Interactive Theorem Proving in Lean

18th CICM, Brasilia. 6-10 October 2025.
Florent Schaffhauser, Heidelberg University.

Organisation of the tutorial

• Duration: 3h.
• Each session: 1/3 Presentation, 2/3 Hands-on practice.
• Practice files are provided.
• No installation of Lean required.

Outline

• Goal: to learn how to use a programming language to represent mathematical objects and proofs.
• Intended audience: mathematics educators and students who are not familiar with programming.
• Format: 3h tutorial for complete beginners.
  • Session 1: Lean's syntax and pattern-matching (1h).
  • Session 2: Dependent type theory and applications to mathematics (2h).
• Your indispensable companion: The Mathlib 4 documentation webpage, hosted on the Leanprover community website. Just google Mathlib GitHub!

The Lean 4 web server

• If you would rather dive straight into the practice files, here are the first two 😊 . There will be one more on the last slide!

  

• The first file is about the Lean syntax (it is very basic, but might be useful if you have little to no experience in programming). The second file is about basic tactics.

• These files open in the Lean 4 web server, from which you can download the edited files to save your work! Just look for the Save File button in the menu on the top right.

The Lean syntax

• Terms:

  def aListOfNat     : List Nat    := [1, 2, 3]
  def aListOfStrings : List String := ["Hello, ", "world!"]
  

• Introduction of functions:

  def successor    : Nat → Nat           := fun n ↦ 1 + n
  def prepend_zero : List Nat → List Nat := fun L ↦ (0 :: L)
  

• Evaluation of functions:

  #eval successor 41             -- 42
  #eval prepend_zero aListOfNat  -- [0, 1, 2, 3]
  

Inductive types

• You can think of a type as a label attached to a term. Thanks to that label, you can quantify over terms of that type.
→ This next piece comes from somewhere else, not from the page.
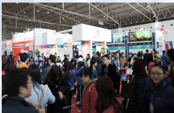
19 th China International Education Exhibition Tour

GAES organized 5 Macao higher education institutions (University of Macao, Macao Polytechnic Institute, Institute for Tourism Studies, Macao University of Science and Technology and City University of Macao) to join the “China International Education Exhibition Tour 2014” launched in Beijing in March so as to introduce the situation of the Macao higher education to the students of Mainland China for them to obtain the student recruitment information of the Macao higher education institutions.

  theorem EuclideanDivision : Prop := 
    ∀ (a b : Nat), b ≠ 0 → ∃ (q r : Nat), (a = q * b + r) ∧ (r < b)
  

• Types can be inductively defined, by specifying special functions called constructors.

  inductive Bool : Type where
  | true  : Bool
  | false : Bool
  
  #check Bool.true  -- Bool.true : Bool
  

Constructors

• Constructors for an inductively-defined type can take arguments from that type itself.

  inductive Nat : Type where
  | zero           : Nat
  | succ (n : Nat) : Nat  -- also written succ : Nat → Nat
  
  #check Nat.succ (Nat.succ Nat.zero)  -- Nat.zero.succ.succ : Nat
  

• Constructors can take more than one argument. The return type is always the type under construction (for instance Nat or List X).

  inductive {X : Type} List X : Type where
  | nil                       : List X
  | cons (x : X) (L : List X) : List X  -- cons : X → List X → List X
  

Constructing new types from old ones

• Types are themselves terms and we can define functions on types.

• Prod X Y can also be denoted by X × Y. It has just one constructor, called Prod.mk. The term Prod.mk x y can also be denoted (x, y).

  inductive Prod (X : Type) (Y : Type) : Type where
  | mk (x : X) (y : Y) : Prod X Y
  

• Sum X Y can also be denoted by X ⊕ Y. It has two constructors, called Sum.inl and Sum.inr.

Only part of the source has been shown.